- Russia’s economic performance has been very poor after the drop in oil prices in 2015 that led to a deep recession.
- The EPI score was close to 71%, or a D level, in 2015, the lowest level since the 2009 crisis, but is projected to improve to 78.9%, or a D+ level, in 2016 mainly because of lower inflation.
- With oil prices at below $50 dollars per barrel, the Russian economy is likely to go through a painful adjustment in the next few years
For an economy with two thirds of exports and half of the government budget revenues coming from oil and gas, the latest downturn in the global oil market means Russia’s recession may stretch into next year for the longest slump in two decades. The western sanctions on Russia related to the crisis in Ukraine have also played a role in amplifying the negative effects of lower oil prices on the Russian economy by limiting the ability of Russian companies to borrow money on the western financial markets.
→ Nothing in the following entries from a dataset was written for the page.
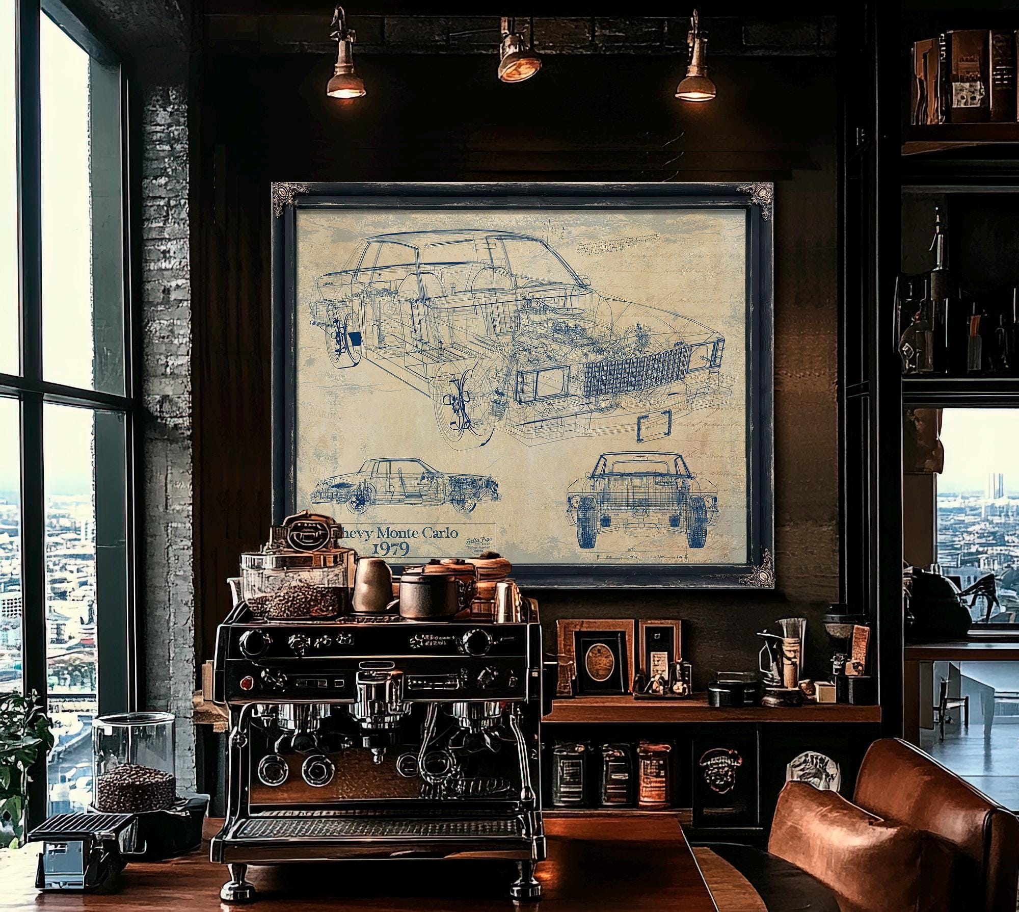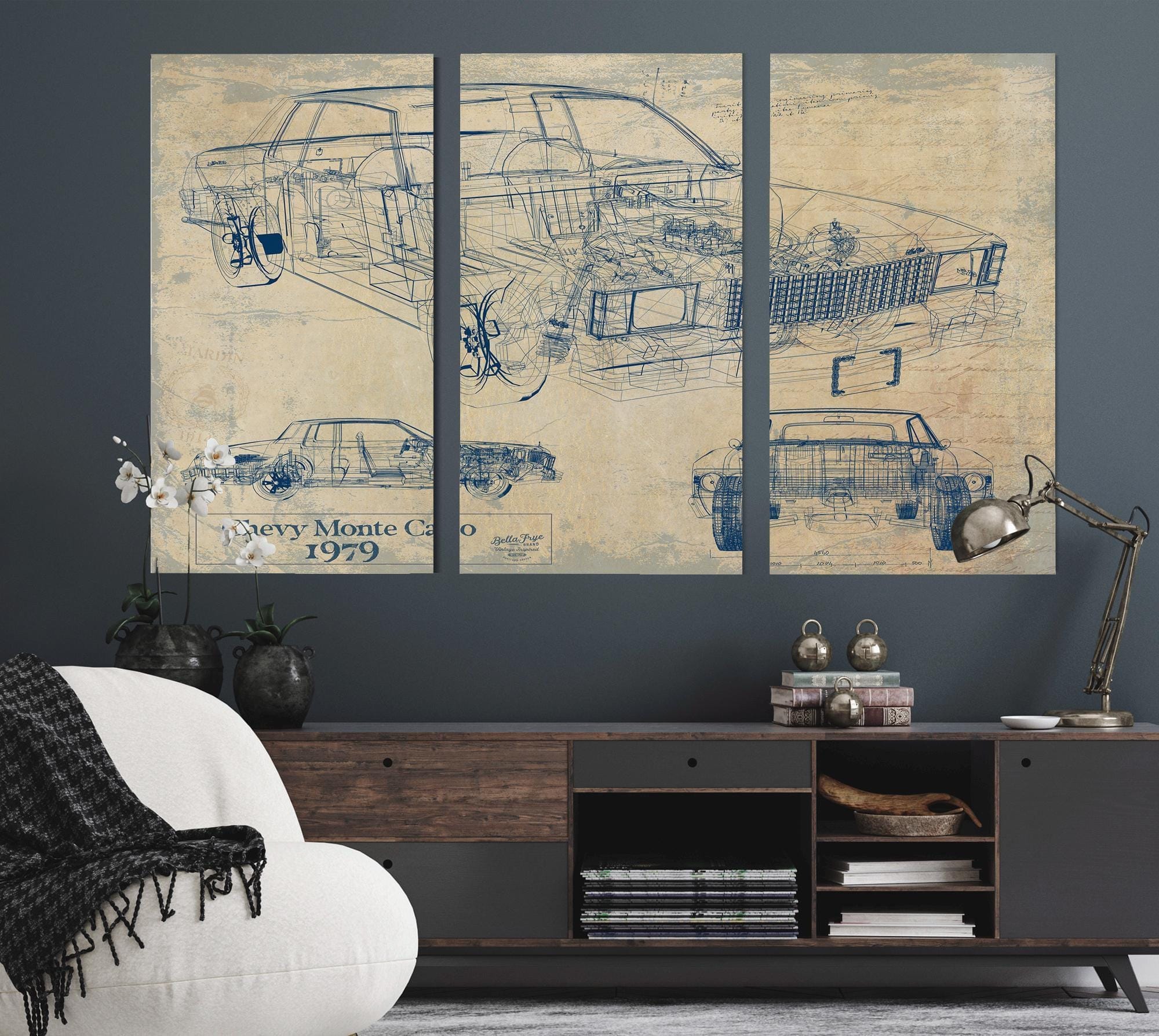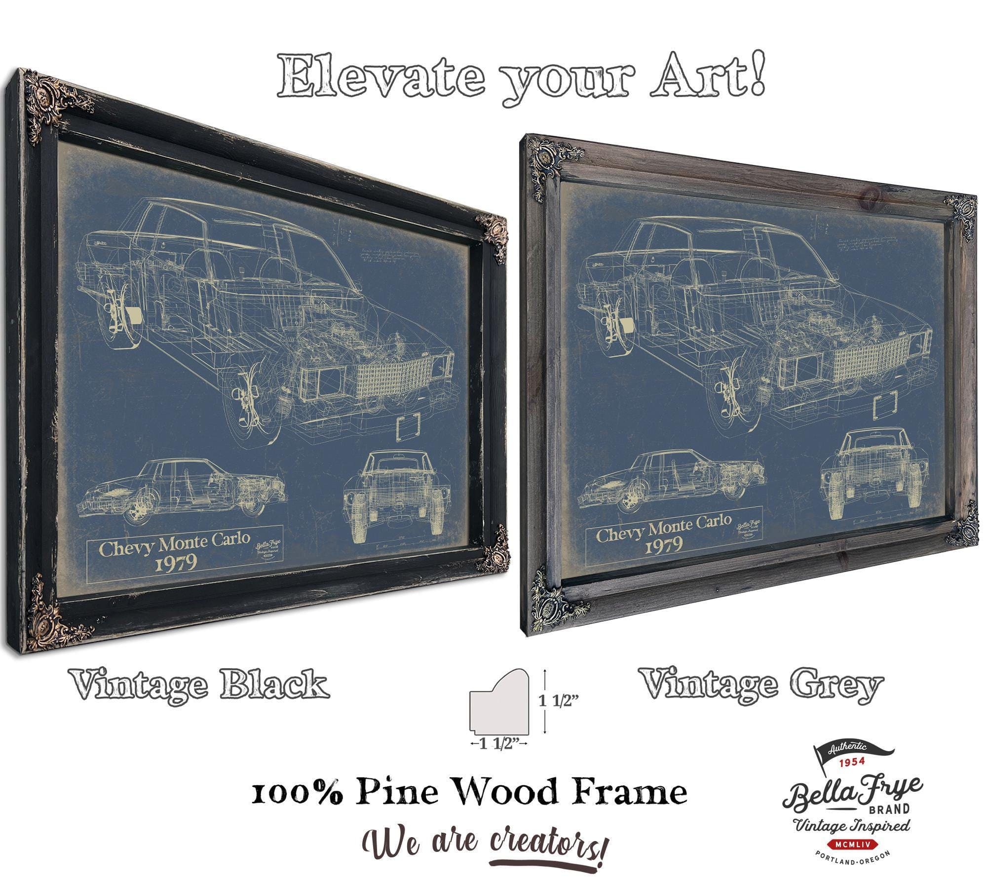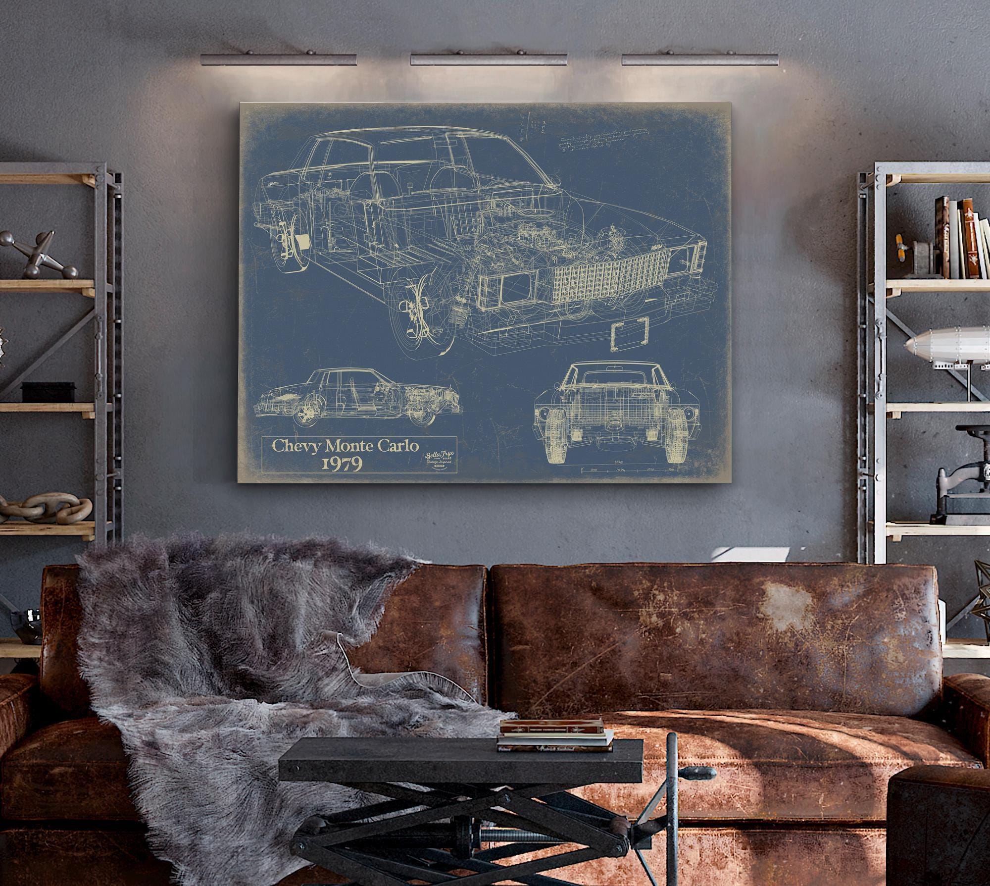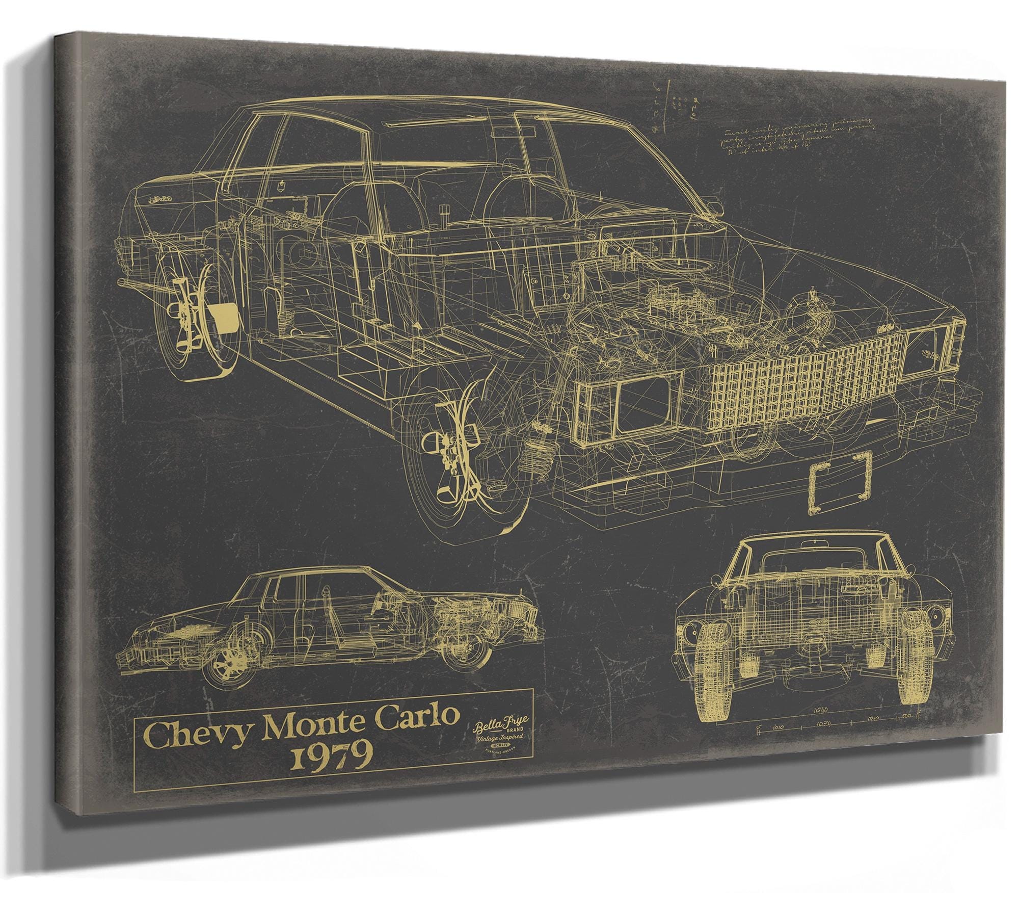 • Bella Frye Vintage 1979 Chevy Monte Carlo Model Mancave Blueprint Art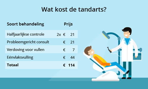 Zolang het blijft bij een controle, het vullen van een klein gaatje of een eenvoudige gebitsreiniging is de tandarts goed betaalbaar. Een voorbeeld: ga je twee keer per jaar naar de tandarts voor controle en moet je een keer terugkomen voor het vullen van een gaatje? Dan ben je voor dat hele jaar ongeveer € 114 kwijt.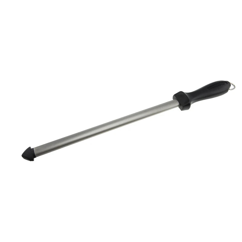 Diamond-cut sharpening steel designed to keep your kitchen knives in peak condition. Features a one-piece construction with clear sightlines for precise sharpening strokes. Built to last with a 5-year guarantee. Savannah's expert-tested kitchenware combines functionality and durability for the serious home cook.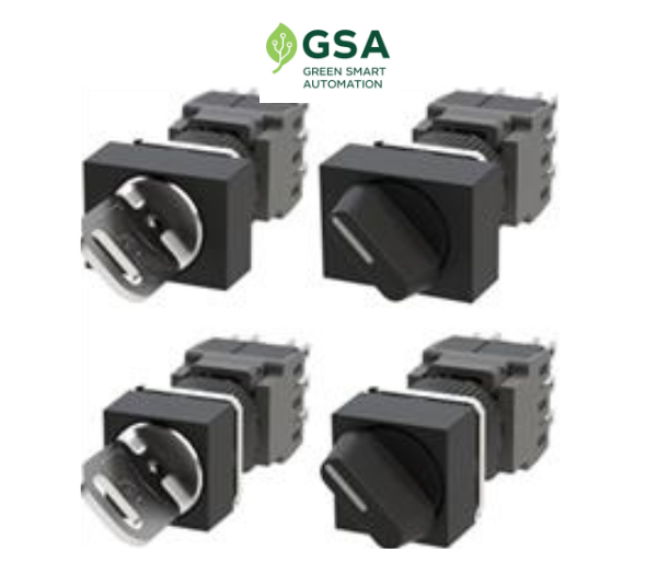 | Loại operator / thao tác | Knob xoay (rectangular bezel / square bezel), Key‑switch, selector, knob/handle, maintained / spring‑return / turn-reset / push‑lock tùy model. | Tương tự — knob, key, selector, maintained hoặc với khóa chìa, etc. |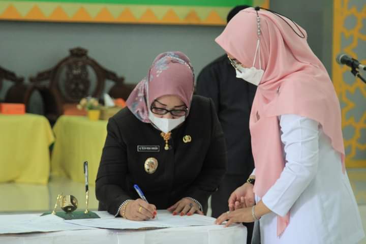 LABUHANBATU (MR) - Bupati Labuhanbatu dr.H.Erik Adtrada Ritonga,M.KM melalui Wakil Bupati Hj.Ellya Rosa Siregar,S.Pd.MM melantik sebanyak 37 Pejabat baru di lingkungan Pemkab Labuhanbatu, Rabu (30/03/2022) di Ruang Data dan Karya, Kecamatan Rantau Selatan.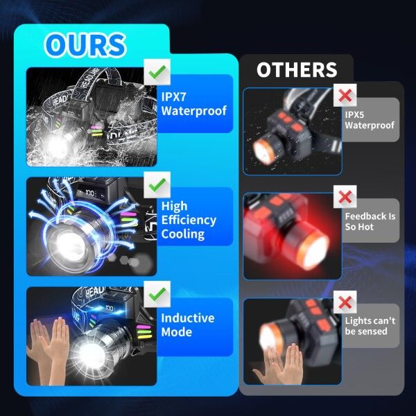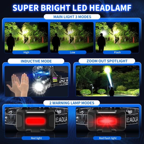 - 7 Lighting Modes: Includes high, low, flash, SOS, red light, red flash, and induction mode for versatile use.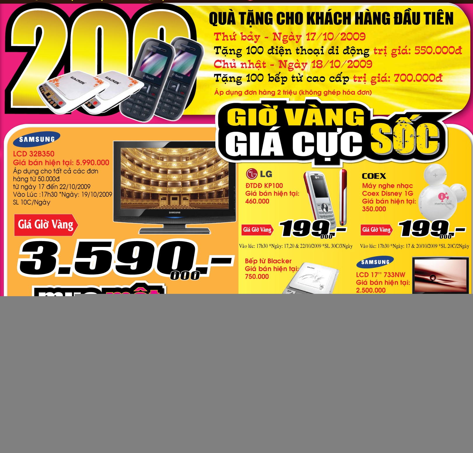 Ngoài ra, với hóa đơn mua hàng trị giá 50.000 đồng, khách hàng sẽ được tham gia bốc thăm mua các sản phẩm điện tử, điện lạnh, gia dụng, IT, KTS, mobile mới mức giá “sốc”, như máy nghe nhạc Coex hay điện thoại di động KP100 giá 199.000 đồng; màn hình LCD Samsung giá 1.500.000 đồng, giảm 1.000.000 đồng so với giá hiện tại; TV Samsung 32B350 với giá 3.590.000 đồng, giảm 2,5 triệu đồng so với mức giá hiện tại; điện thoại LG KP100 với giá 199.000 đồng.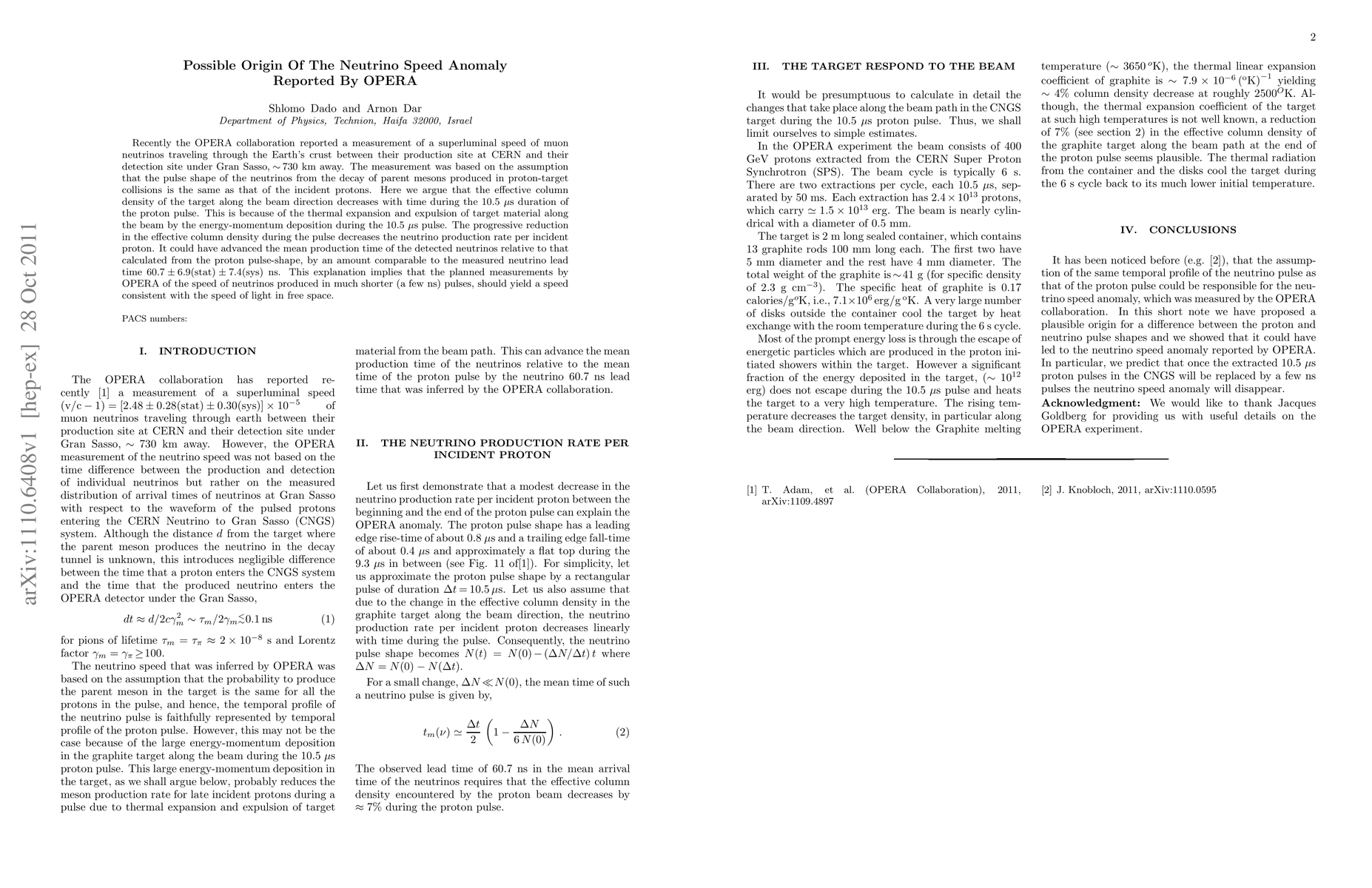 The OPERA collaboration reported a superluminal speed of muon neutrinos, but this paper suggests that thermal expansion and expulsion of target material during the proton pulse could have advanced the neutrino production time, explaining the anomaly. Future measurements with shorter pulses should yield consistent neutrino speeds.

GDP fell by about 3.7% in 2015, driven by a large drop in exports in dollar terms and a deep recession in the industrial sector, but is projected to fall by 1.8% in 2016. The ruble lost almost half of its value after the Central Bank of Russia stopped selling its reserves on the market to protect the currency. A large ruble devaluation increased the prices of imported goods, pushing inflation to almost 16% in 2015, up from about 8% in 2014. The government has already cut budget outlays and dipped into one of its sovereign wealth funds, the Reserve Fund, to help cover the shortfall. The unemployment level increased only slightly to 6.5% in 2016, up from 5.6% in 2015, driven by the recession in the economy.
With oil prices at below $50 dollars per barrel, the Russian economy is likely to go through a painful adjustment in the next few years. The 5-Minute Economist projects Russia’s EPI score to improve in the medium term from a D level currently to a B by 2021, mainly driven GDP recovery after the recession and slowdown in inflation, if the ruble and oil prices stabilize.